If a = b, and b = c, then a = c.

It’s very necessary to do anything in algebra. It’s what lets you say, for example, that, if 3x + 5 = 32 and 3(9) + 5 = 32, then x = 9. This wouldn’t work in my attempt at 3D, as ij = j, yet i ≠ 1 (or ji = i, yet j ≠ -1, depending on the order)

I normally just call it substitution, but that’s what it was called on the website I looked up to make sure the commutative property was the one I wanted.
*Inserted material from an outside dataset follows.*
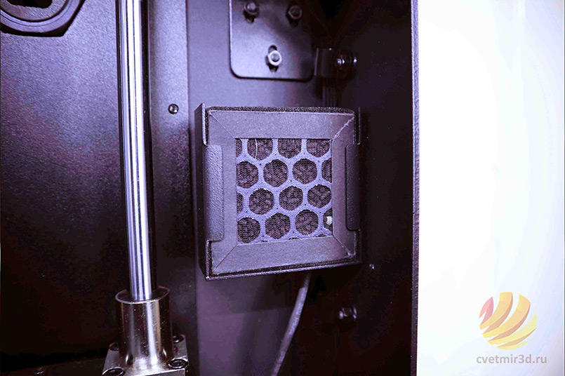 Так как этот принтер разработан с заявкой на профессиональность, в нем, как и в моделях подороже появился угольный воздушный фильтр, устраняющий неприятные запахи при печати пахучими пластиками. Фильтр легко снимается, а за ним расположен вентилятор, обеспечивающий циркуляцию воздуха при закрытом кожухе.

As Nancarrow points out, “the substitution property” (a = b and b = c implies a = c) continues to hold true for the ring of linear transformations upon 3-dimensional space. It’s just transitivity of equality; there’s nothing much to it. The property you were actually using in your illustrations, though, was cancellability of multiplication (e.g., left-cancellability: if ba = bc, and b is not equal to 0, then a = c), which does indeed disappear in your example.

[Chronos]

Adams showed that you couldn’t comb the hair on a ball of any dimension other than 1, 3, or 7.

Really? I thought it could be done in any odd dimension.

[Hari_Seldon]

Chronos:

Really? I thought it could be done in any odd dimension.
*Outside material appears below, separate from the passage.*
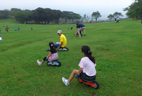 狭山スキー場の斜面をタイヤの付いた新感覚スポーツソリ「ポッカール」で滑るポッカールゾーン。

You are right. According to wiki: Vector fields on spheres - Wikipedia, it is only for N = 2,4,8 are there N-1 linearly independent vector fields on an N-1 sphere and not for N = 16. But if there were a 16 dimensional division algebra, there would have to be 15 linearly independent vector fields on the 15-sphere. Adams proved this in 1962, wiki says. Sorry, my memory for these things is increasingly watery. The wiki cite gives the exact number of independent vector fields for any dimension.
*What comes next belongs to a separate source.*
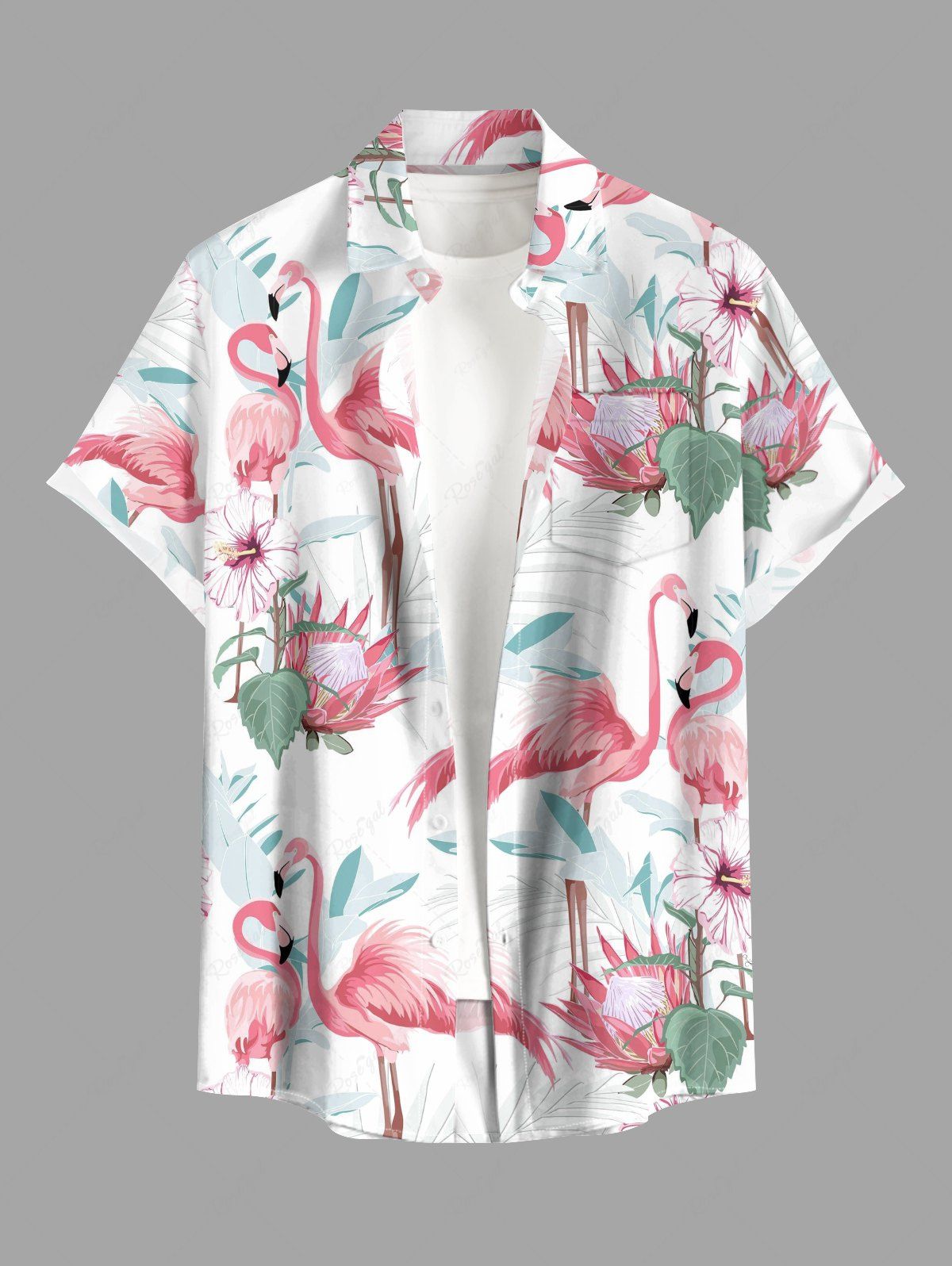 Chemise hawaïenne grande taille pour homme, à imprimé tropical flamants roses et feuilles, boutons et poche. - Xl

It has long been known that division ring structure were possible only for dimensions power of 2. Incidentally, there are many (I think there are 2^{2^{aleph_0}} of them) non-isomorphic 4 dimensional associative division algebras. The trick is that the real mumbers are not central, although the center is always a real closed fleld of index in the complex numbers. To get one of these exotic reals, it suffices to take a transcendence basis of the complex numbers that includes some non-real. Then the rationals with that transcendence basis adjoined is a formally real field that has a real closure and it contains a non-real number, The usual rigidity argument implies it cannot be isomorphic to the reals. Adjoin a square root of -1 and you get the ordinary complex numbers (what else could it be?) and now adjoin j and k and you get exotic quaternions. But I digress.

[Topologist]

Hari_Seldon:

You are right. According to wiki: Vector fields on spheres - Wikipedia, it is only for N = 2,4,8 are there N-1 linearly independent vector fields on an N-1 sphere and not for N = 16. But if there were a 16 dimensional division algebra, there would have to be 15 linearly independent vector fields on the 15-sphere. Adams proved this in 1962, wiki says. Sorry, my memory for these things is increasingly watery. The wiki cite gives the exact number of independent vector fields for any dimension.

It’s true that Frank Adams solved the vector fields on spheres problem, but that wasn’t the work related to division rings. That was settled when he solved the Hopf invariant one problem. Briefly, if you have a “multiplication” on an n-dimensional euclidean space that is continuous, has a two-sided nonzero unit, and no zero-divisors, then you can construct a map from a (2n-1)-sphere to an n-sphere whose “Hopf invariant” is 1. Frank showed that such a map of spheres exists only when n = 1, 2, 4, or 8.

[BigT]

LSLGuy:

30 minutes to a summary answer and 75 minutes to a detailed-to-a-layman answer, and in the middle of the night to boot. Ths place is great. Thanks folks; I learned something today.

What he said. Also, my “general enterprise” was really just not being able to sleep, and thinking about something else I learned on the Dope (the 2D vector thing mentioned in the OP). I don’t necessarily plan to do any more work in the area.